Diagnostic imaging tests such as X-rays, computed tomography (CT) scans, and magnetic resonance imaging (MRI) may be ordered to enable your healthcare provider to see the spinal cord and surrounding areas in detail to detect tumours. One or more of these tests will be required for an accurate diagnosis.

If a tumour is detected on any imaging scans, a biopsy will be required to determine if the tumour is benign or malignant (cancerous). Spine tumour biopsies are often performed using a minimally invasive procedure. Healthcare providers use a CT scan to guide the placement of a thin needle to extract a sample of the tumour.

Treatment options depend upon several factors including location, size, stage (degree of growth), and age at diagnosis.

Diagnosis includes any of the one or combination of them which are surgery; radiation therapy; chemotherapy; and/or targeted drug therapies (e.g., tyrosine kinase inhibitors). In certain serious cases when surgery is not appropriate treatment due to the location or size of the tumour, radiation therapy may be used.

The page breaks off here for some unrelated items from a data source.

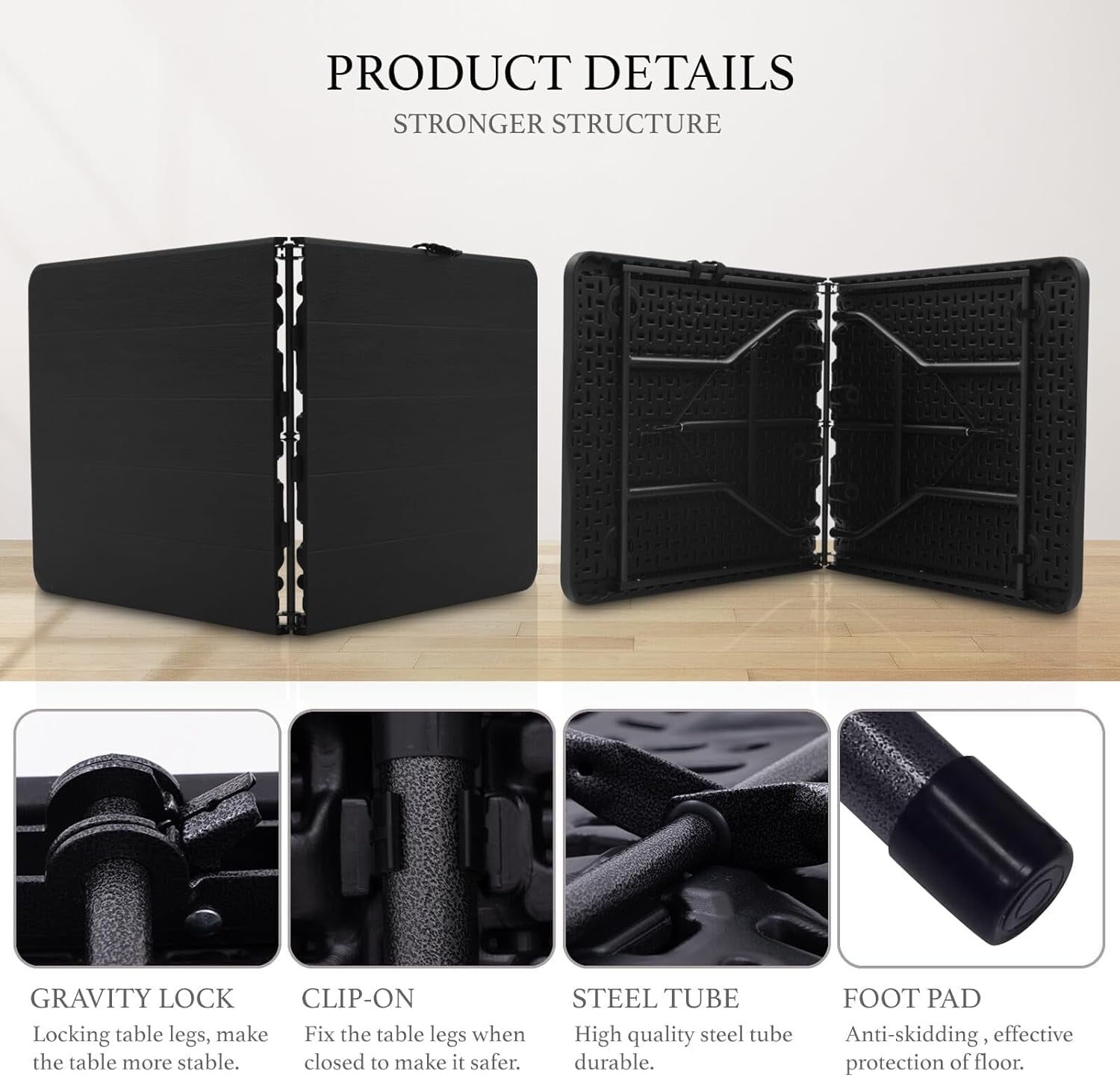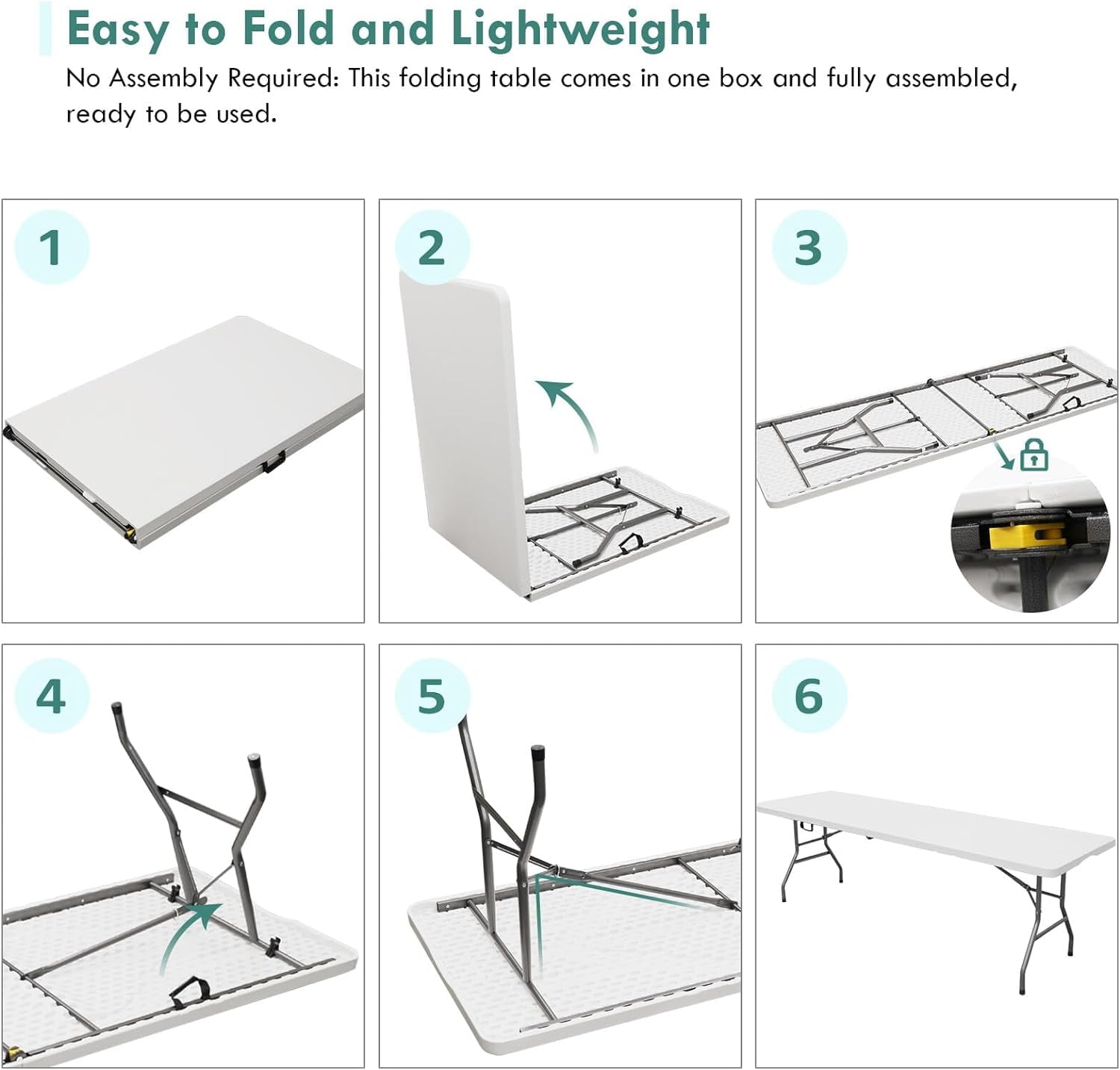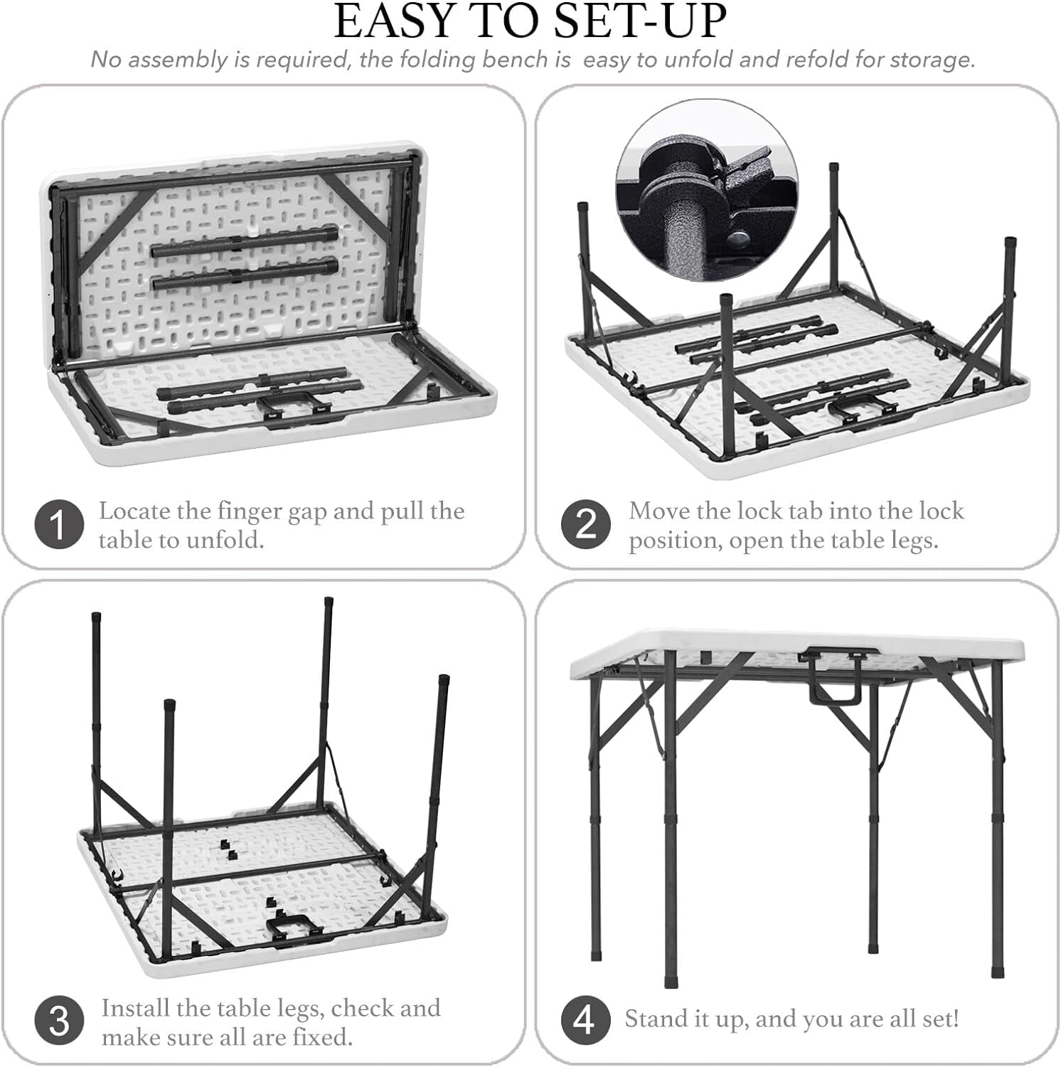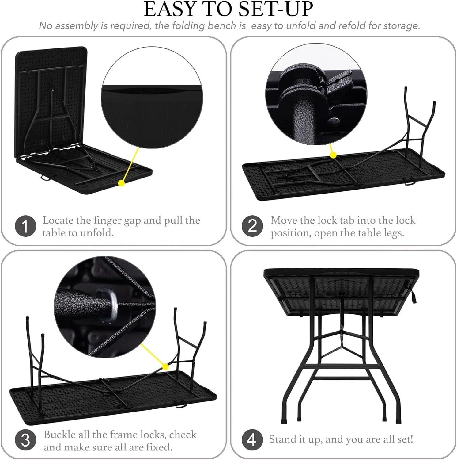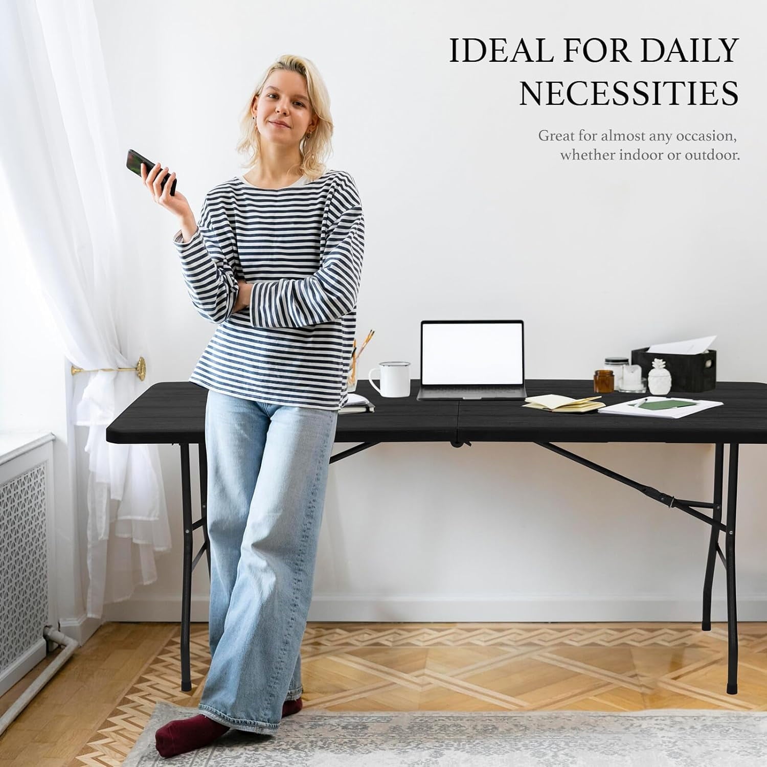 - No Assembly Required: Convenience at its finest! Our folding table requires no extra accessories. Use it when you need it, then fold it away for easy storage. No fuss, no hassle.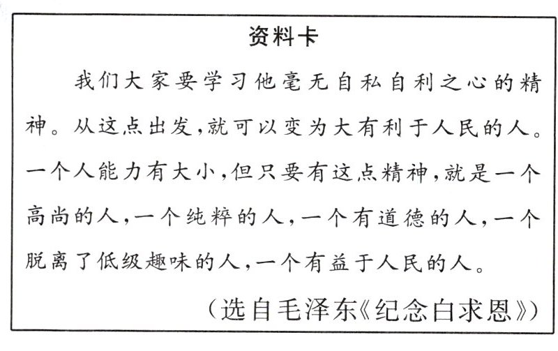 2. 小岩同学读完《红岩》后,认为其中许多人物都是《纪念白求恩》中说到的“大有利于人民的人”。请结合资料卡和与成岗相关的故事情节加以证明。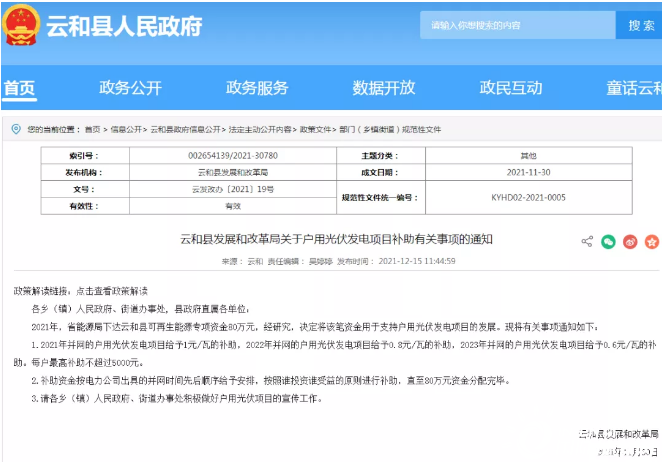 《通知》指出,2021年,省能源局下達云和縣可再生能源專項資金80萬元,經(jīng)研究,決定將該筆資金用于支持戶用光伏發(fā)電項目的發(fā)展。
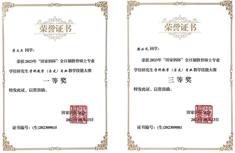 10月21至23日,由全国教育专业学位研究生教育指导委员会主办,田家炳基金会赞助,四川师范大学承办的2023“田家炳杯”全日制教育硕士专业学位研究生学科教学(历史)专业教学技能大赛在四川师范大学成功举办。此次比赛中,kaiyun官网历史与行政学院2021级学科教学(历史)专业硕士研究生李文杰、樊云凤2名同学一路过关斩将,在总决赛中分别斩获一等奖和三等奖,李庆华等老师获优秀指导教师奖。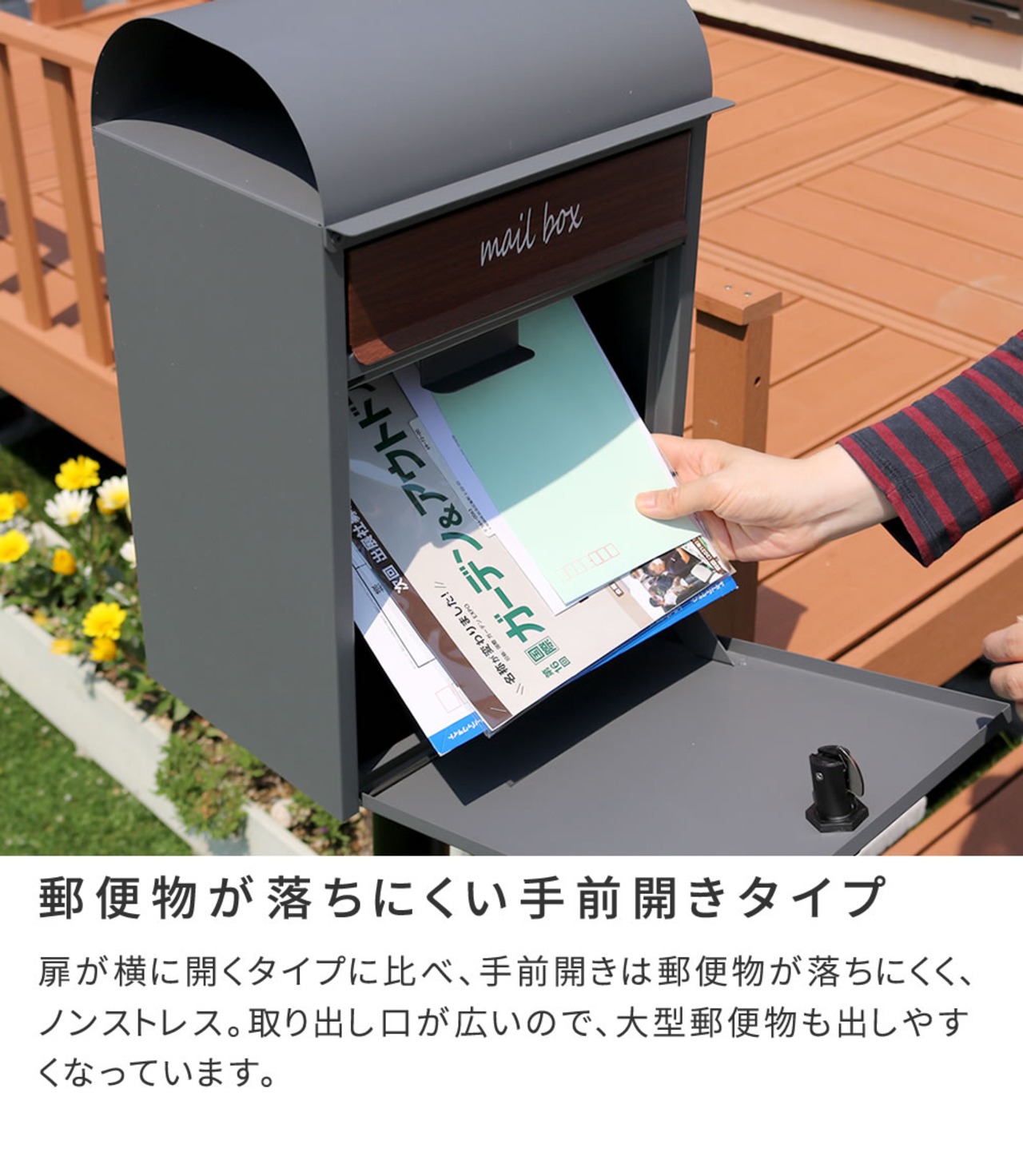 手前開きタイプで、郵便物が落ちにくく片手で郵便物を取り出せて便利です。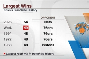 2026年1月 尼克斯大胜篮网54分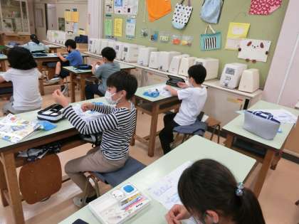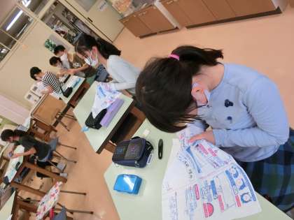 「ひと針に心をこめて」の学習です。前時も行いましたが、玉結び・なみぬい・玉どめを行いました。前は玉結びに苦戦していましたが、家庭でも練習したようで、今日はずいぶん上手にできていました。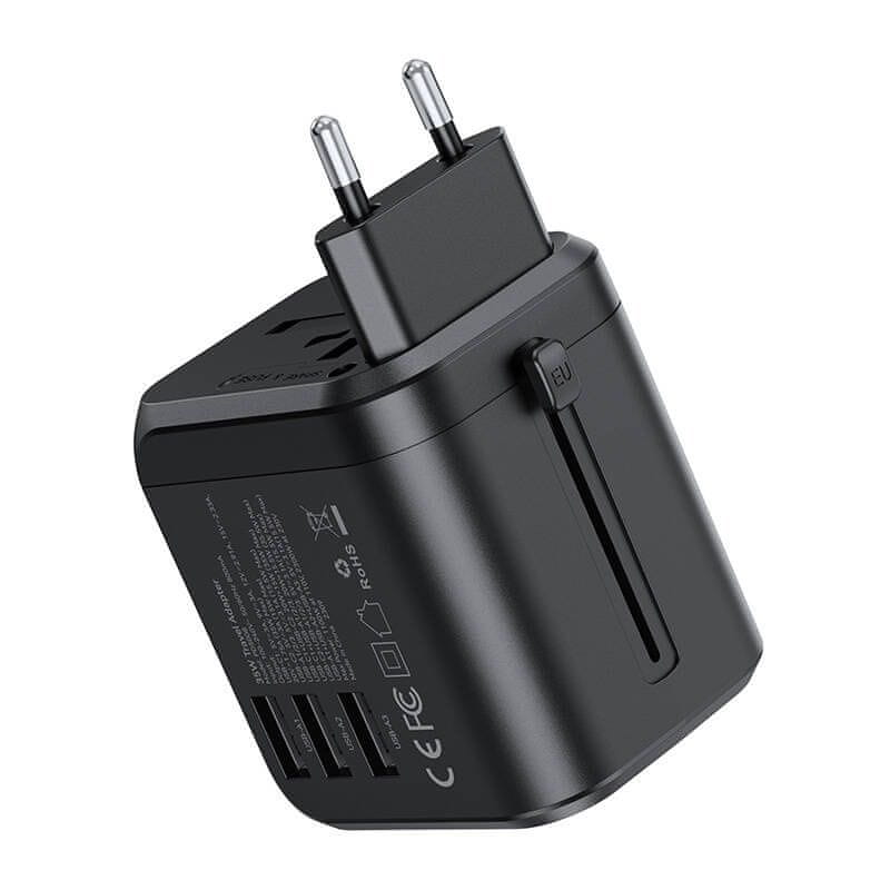 Choetech Putna punjač Choetech PD5008, 3xUSB-A, 2xUSB-C, GaN, 35W, za US/EU/UK/AU, crna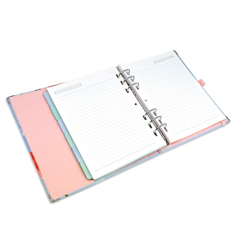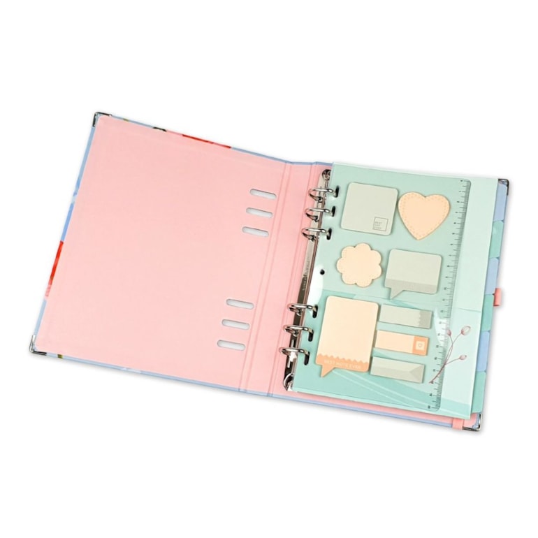 Com ótimo acabamento, esta planner tem estilo fichário, com seis argolas metálicas, e conta com capa dura estampada com flores rosas em fundo azul. Uma graça de planner para você combinar com outros itens de papelaria fina da mesma coleção!
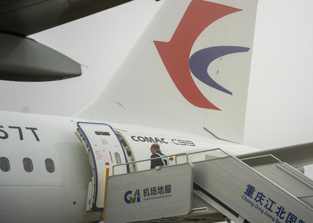 12月3日,在重庆江北国际机场停机坪上,机场地勤工作人员通过C919大型客机尾部舱门有序进入机舱进行作业。新华社记者 刘潺 摄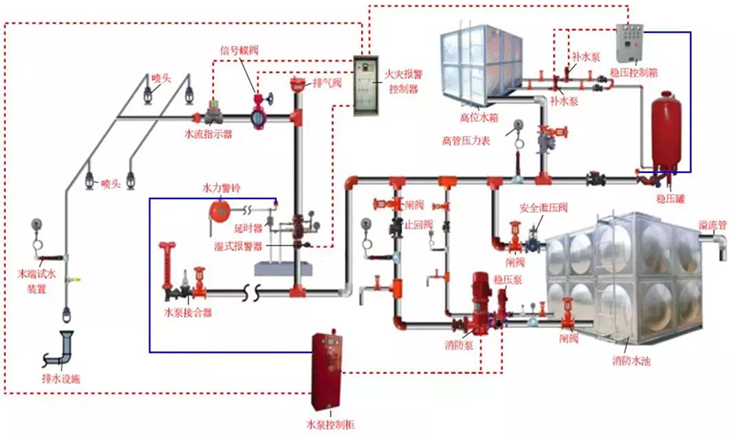 消防泵、穩壓泵、氣壓罐、閘閥、消防水箱、水泵控制電箱、管網(wǎng)壓力表、電接點(diǎn)壓力表、泄壓閥、柔性接頭、過(guò)濾器、泄水閥、DN100鍍鋅管、濕式報警閥組、干式閥組、預作用閥組、雨淋閥組、末端試水裝置、各種噴頭、信號蝶閥、水指、排氣閥、末端試水箱 |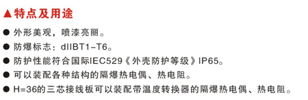 ●H=36的三芯接線板可以裝配帶溫度轉換器的隔爆熱電偶、熱電阻。

The first step in the diagnosis of spinal cord cancer is to examine the extent to it has spread. If your spinal cord has been affected and you are experiencing symptoms, your healthcare provider will ask questions about any back pain and/or neurological symptoms you are experiencing.

Diagnostic imaging tests such as X-rays, computed tomography (CT) scans, and magnetic resonance imaging (MRI) may be ordered to enable your healthcare provider to see the spinal cord and surrounding areas in detail to detect tumours. One or more of these tests will be required for an accurate diagnosis.

If you have symptoms that suggest spine cancer, your healthcare provider may recommend that you get a CT scan of the lower back and/or abdomen. This test can help diagnose tumours that are too small for a radiologist to see on plain film x-rays. In some cases, imaging tests like MRI may also be used to help locate tumours if they cannot be seen on plain film x-rays or CT scans.

If you have no symptoms but need an imaging study for another reason (for example blood clotting disorders, kidney stones), then your healthcare provider may order an x-ray instead of an MRI exam.

The treatment of spinal cord cancer depends on the type and spread of the tumour. You may be treated with surgery, radiation therapy (radiotherapy), chemotherapy, or a combination of these treatments. Surgery removes the diseased part of your spine (the tumour) and sometimes any associated tumours. Radiation therapy uses high-energy x-rays to kill cancer cells in the body. In Chemotherapy drugs are used to kill cancer cells or destroy them from growing. Chemotherapy can be used alone or with another treatment option.

Surgical Removal

A surgical removal is an option for early-stage tumours. The aim of surgery is to take off as much of the tumour as possible without damaging nearby organs or nerves. This can be accomplished by removing part or all of the tumour along with bone and muscle tissue around it. If this does not remove all of the tumours, additional surgeries may be necessary to remove more tissue from around the remaining tumour. In some cases, your surgeon may opt to leave a portion of the tumour behind because it may contain cancerous cells that are too dangerous to remove at this time.

Radiation Therapy (Radiotherapy)

High-energy x-rays or other types of radiation beams used to damage any cancerous cells in your body in the process of Radiation therapy. Radiation can be delivered through a mask placed over your mouth and nose; it may also be applied directly to your skin using an external beam machine or brachytherapy device (a small tube containing radioactive material). Radiation therapy can also be used with chemotherapy together.


Chemotherapy might be used before or after surgery to shrink a tumour that has not been taken off during surgery. After surgery, chemotherapy can be given daily for three to five months while radiation therapy kills the remaining cancer cells in your body. Chemotherapy also may be used alone if there are no signs of disease at a specific site after surgery such as pain or numbness in your arm or leg (numbness).